Marie Euphrosyne Spartali (Greek: Μαρία Ευφροσύνη Σπαρτάλη), later Stillman (10 March 1844 – 6 March 1927), was a British Pre-Raphaelite painter of Greek descent, arguably the greatest female artist of that movement. During a sixty-year career, she produced over one hundred works, contributing regularly to exhibitions in Great Britain and the United States.

Maria Spartali was the eldest daughter of Michael Spartali (1818–1914), a wealthy merchant, principal of the firm Spartali & Co and Greek consul-general based in London from 1866 to 1882. He had moved to London around 1828. In London he married Euphrosyne (known as Effie, née Varsami, 1842–1913), the daughter of a Greek merchant from Genoa.

The family lived in their Georgian country house with a marble-pillared circular hallway, on Clapham Common, known as 'The Shrubbery' with a huge garden and views over the Thames and Chelsea. In the summer months, they moved to their country house on the Isle of Wight where her father developed the cultivation of grapes on his lands. In London, her father was fond of lavish garden parties where he invited up and coming young writers and artists of his day.
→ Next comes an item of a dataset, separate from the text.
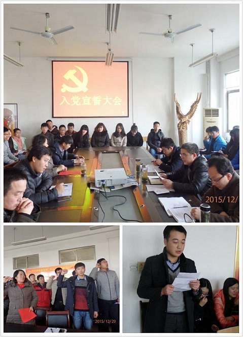 此次会议首先奏响《国际歌》,铿锵的歌声不仅响彻会议室,更把歌曲的深刻意义渗进了每一位党员的心里。党总支书记乔东华对如何做一名合格党员与同学们进行深入探讨希望全体党员能与党中央保持一致,做学生表率,加强自我要求。鲜红的党旗,庄严的宣誓,新党员抒发自己对党的忠诚的决心

She and her cousins Maria Zambaco and Aglaia Coronio were known collectively among friends as "the Three Graces", after the Charites of Greek mythology (Aglaia, Euphrosyne and Thalia), as all three were noted beauties of Greek heritage. It was in the house of the Greek businessman A.C. Ionides (1810–1890) at Tulse Hill, in south London, that Marie and her sister Christine (1846–1884) met Whistler and Swinburne for the first time. They were dressed in white with blue ribbon sashes. Swinburne was so overcome that he said of Spartali: "She is so beautiful that I want to sit down and cry". Marie was an imposing figure, around 1.9 meters tall and, in her later years, dressed in long flowing black garments with a lace hood, attracting much attention throughout her life.